To connect a vector database to your product catalog backend, you’ll need to design a pipeline that transforms product data into vector embeddings, stores them in the vector database, and integrates querying into your application. Start by identifying which product attributes (e.g., descriptions, images, or metadata) will be used for similarity searches. Use an embedding model like BERT for text or ResNet for images to convert these attributes into numerical vectors. For example, product descriptions can be processed through a language model to generate 768-dimensional vectors. Store these vectors alongside product IDs in the vector database (e.g., Pinecone, Milvus, or Qdrant) to maintain a link between the vector and the original product data in your catalog.

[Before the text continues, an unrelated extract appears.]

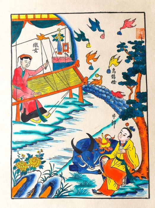 Tranh Tết truyền thống: Ngưu Lang Chức Nữ tượng trưng cho tình cảm và hạnh phúc gia đình

Next, integrate the vector database into your backend using its client library or API. For instance, if using Pinecone, you’d install its Python SDK and initialize a client with your API key. When a product is added or updated in your catalog, generate its embedding and upsert it into the vector database using a method like index.upsert(vectors=[(id, embedding, metadata)]).
Ensure your backend handles synchronization—if your primary product database uses PostgreSQL, you might add a trigger to generate embeddings after inserts or updates. For querying, create an endpoint in your backend that accepts a search input (e.g., a text query), generates its embedding using the same model, and performs a nearest-neighbor search in the vector database. Return matching product IDs and fetch full details from your primary database to avoid duplicating data.
Optimize for performance and scalability. Partition your vector database indexes by product category or region if your catalog is large, which speeds up queries. Use caching (e.g., Redis) for frequent queries, such as “similar to product X” results. If your application requires real-time updates, ensure your embedding generation and indexing steps are fast enough—consider batch processing for less critical updates. For example, a fashion retailer might run nightly batch jobs to update embeddings for pricing changes but process image uploads in real time. Finally, add monitoring to track query latency and error rates, and secure API keys and database connections with environment variables and encryption in transit.